> _What the task requires_: In the listing below, find the line containing "Sóng còn quá" and the line containing "Alfazza Long Summer", then copy exactly everything from the first through the second, except the pictures.

────────────────────

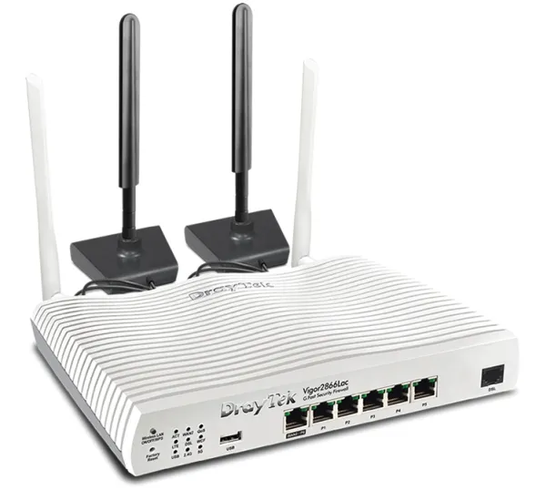 Draytek Vigor 2866L. WAN connection type: RJ-11. Wi-Fi band: Dual-band (2.4 GHz / 5 GHz), Top Wi-Fi standard: Wi-Fi 5 (802.11ac), WLAN data transfer rate (max): 867 Mbit/s. Ethernet LAN interface type: Gigabit Ethernet, Ethernet LAN data rates: 1000 Mbit/s, Cabling technology: 10/100/1000Base-T(X). Mobile network generation: 4G, 2G standards: GPRS, 4G standard: LTE. Security algorithms: HTTPS, IPSec, WPA2, WPA3
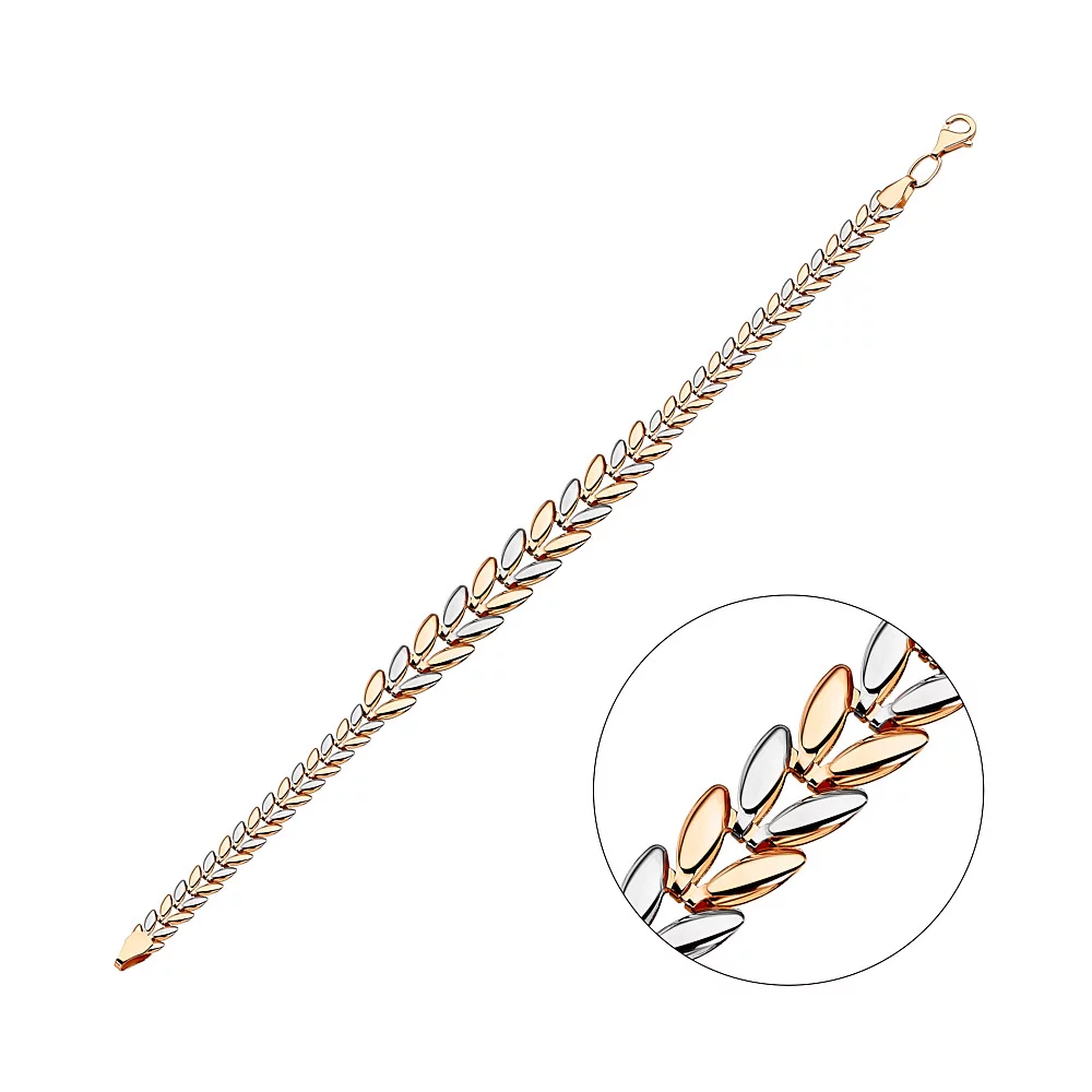 Браслет в комбинированном золоте "Сердечки" плетение фантазия - 1698453
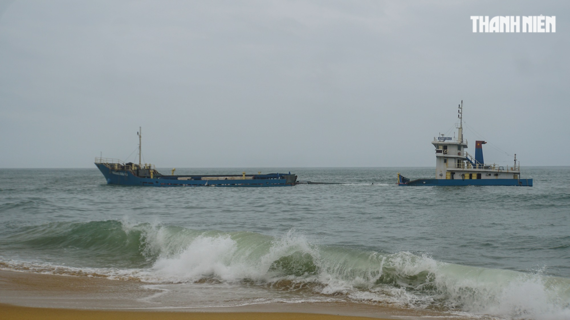Sóng còn quá lớn nên các phương tiện vẫn chưa tiếp cận được tàu Hoàng Gia 46, để hút 8.000 lít dầu đưa lên bờ
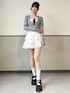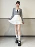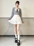 胸元のリボンデザインが可愛いレイヤード風トップスに、 ふわっと広がるレーススカートを合わせた 女の子らしさ全開のスタッフコーデ🎀✨ グレー×ホワイトの配色だから、 甘めでも落ち着いた印象で着られるのがポイント🤍 ティアードのレースが動くたびに揺れて、 シンプルだけどしっかり存在感も◎ 足元は厚底シューズ×ルーズソックスで、 甘さの中にちょっぴりカジュアルさをプラス👞✨ デートにもお出かけにもおすすめな 優しめガーリーコーデです🫶💫 ⸻ Instagram @mnrxing_
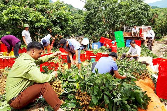 Các thành viên HTX Cây ăn quả, chăn nuôi Phương Nam, bản Pha Cúng, xã Lóng Phiêng (Yên Châu) thu hoạch nhãn xuất khẩu sang Mỹ.
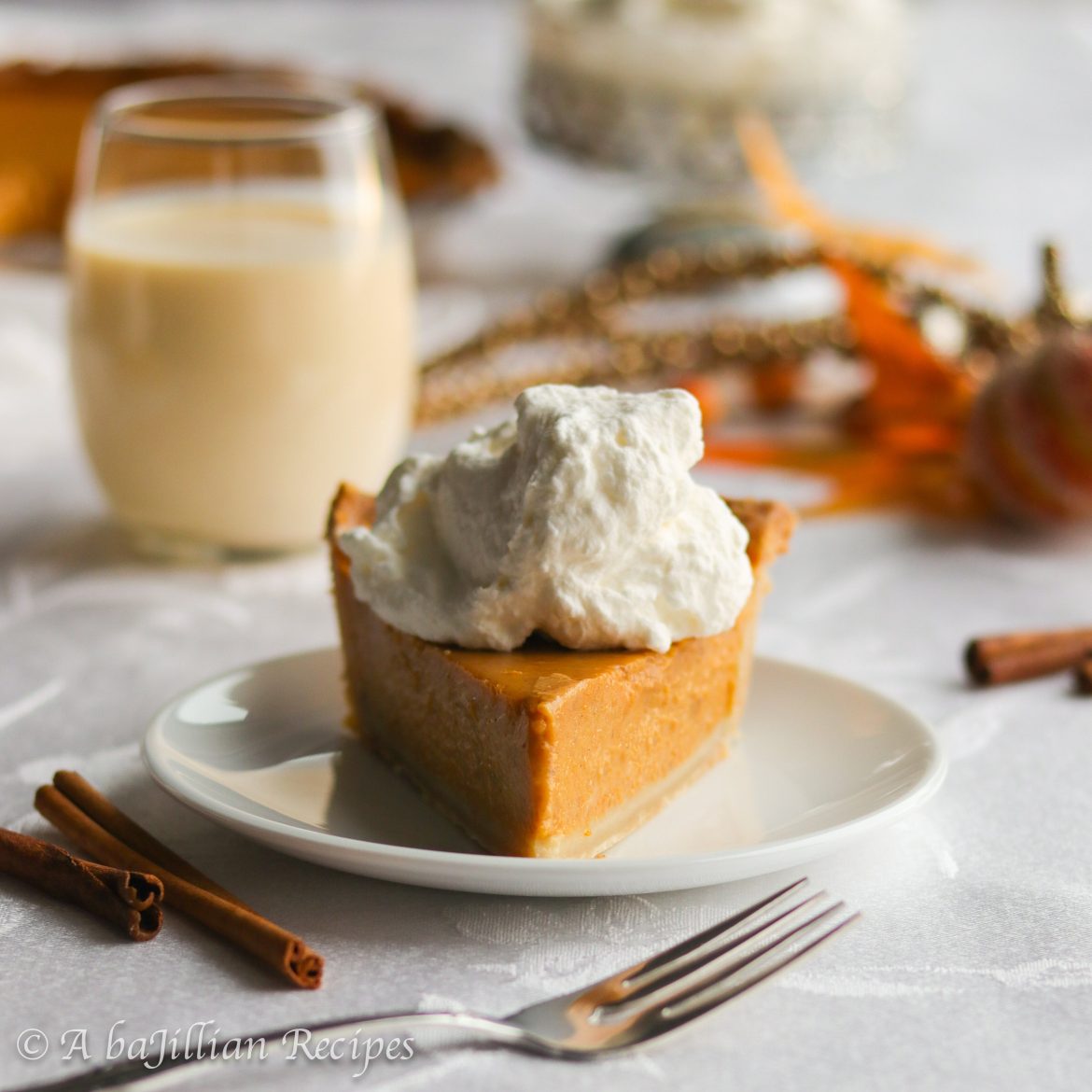 Smooth and perfectly-spiced pumpkin custard filling infused with luscious eggnog and baked in a golden flakey pie crust!
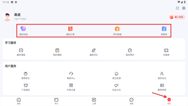 4、點(diǎn)擊底部我的選項(xiàng),進(jìn)入個(gè)人中心頁面后,可查看我的動態(tài)我的訂單學(xué)幣商城購物車等個(gè)人信息及服務(wù),也可使用緩存課程我的課程等學(xué)習(xí)服務(wù)功能。
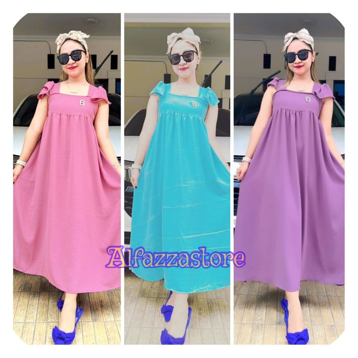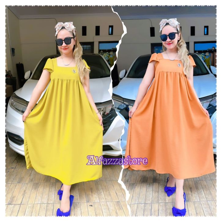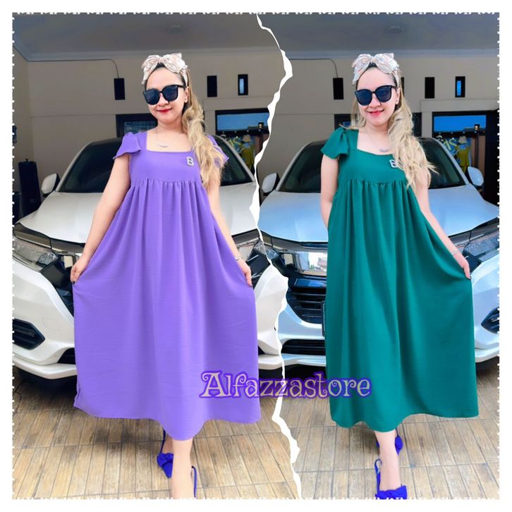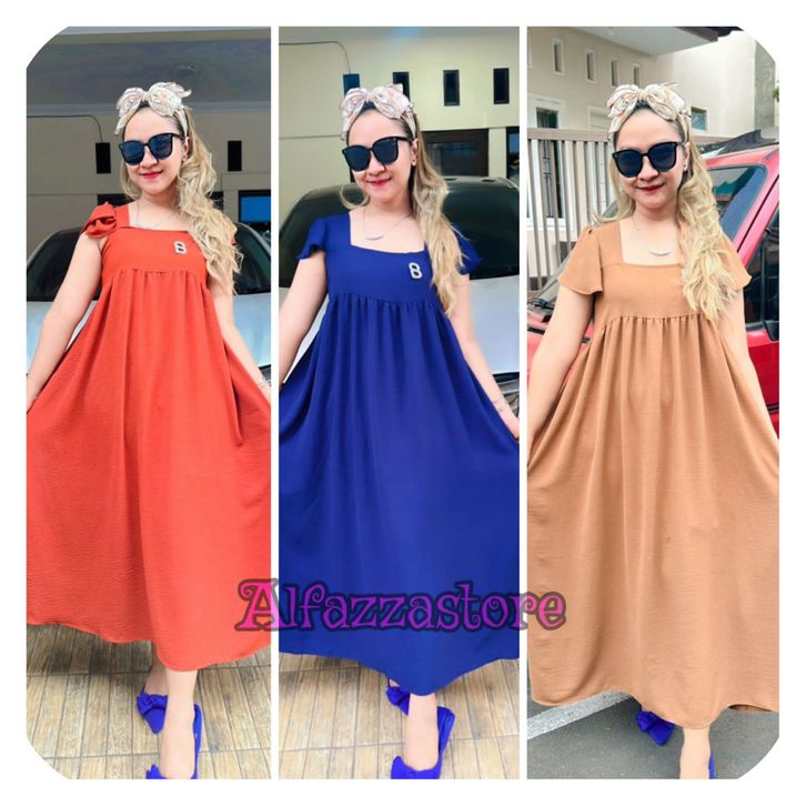 Alfazza Long Summer Dress Ruffle Babydoll Crinkle Airflow Daster Jumbo Outfit Pantai Bumil Kekinian
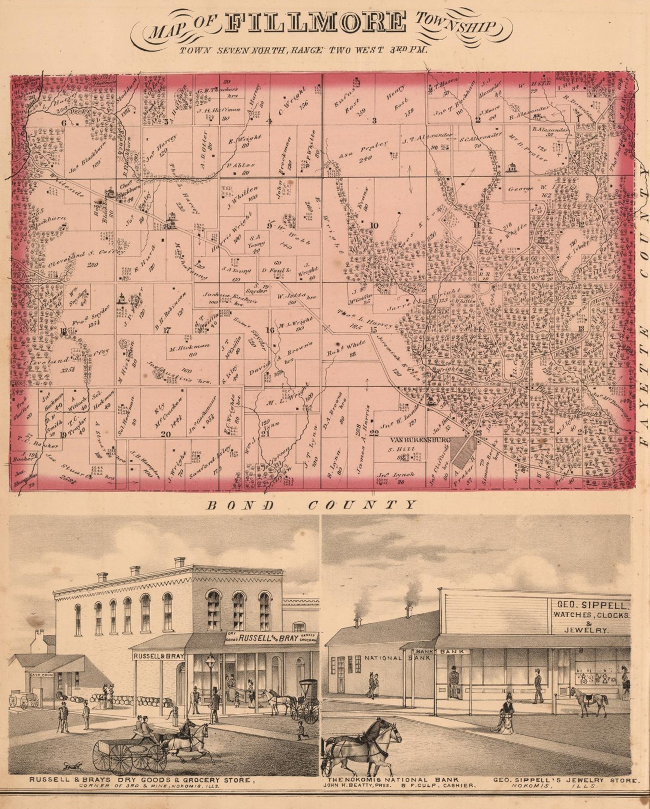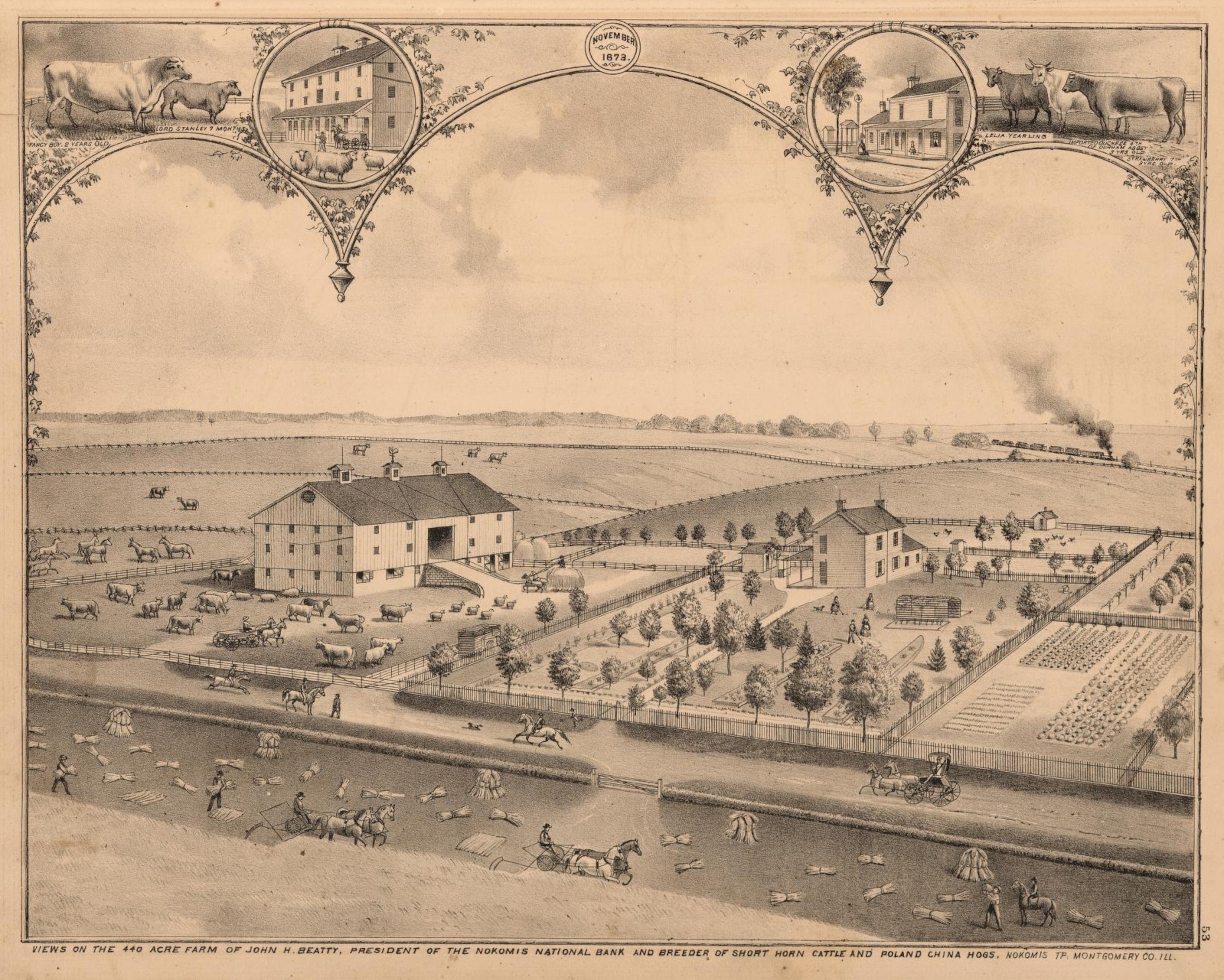 The images in this post are from a single atlas of Montgomery County, Illinois, published in 1874 by Brink, McCormick & Co. Wesley Brink, who published under several company names, was known for some of the most picturesque atlases (winemaker John Moore’s Tower Place Farm appears in an atlas made by another prominent company, Andreas, Lyter & Co.).

────────────────────

> _Expected answer_:
Sóng còn quá lớn nên các phương tiện vẫn chưa tiếp cận được tàu Hoàng Gia 46, để hút 8.000 lít dầu đưa lên bờ
 胸元のリボンデザインが可愛いレイヤード風トップスに、 ふわっと広がるレーススカートを合わせた 女の子らしさ全開のスタッフコーデ🎀✨ グレー×ホワイトの配色だから、 甘めでも落ち着いた印象で着られるのがポイント🤍 ティアードのレースが動くたびに揺れて、 シンプルだけどしっかり存在感も◎ 足元は厚底シューズ×ルーズソックスで、 甘さの中にちょっぴりカジュアルさをプラス👞✨ デートにもお出かけにもおすすめな 優しめガーリーコーデです🫶💫 ⸻ Instagram @mnrxing_
 Các thành viên HTX Cây ăn quả, chăn nuôi Phương Nam, bản Pha Cúng, xã Lóng Phiêng (Yên Châu) thu hoạch nhãn xuất khẩu sang Mỹ.
 Smooth and perfectly-spiced pumpkin custard filling infused with luscious eggnog and baked in a golden flakey pie crust!
 4、點(diǎn)擊底部我的選項(xiàng),進(jìn)入個(gè)人中心頁面后,可查看我的動態(tài)我的訂單學(xué)幣商城購物車等個(gè)人信息及服務(wù),也可使用緩存課程我的課程等學(xué)習(xí)服務(wù)功能。
 Alfazza Long Summer Dress Ruffle Babydoll Crinkle Airflow Daster Jumbo Outfit Pantai Bumil Kekinian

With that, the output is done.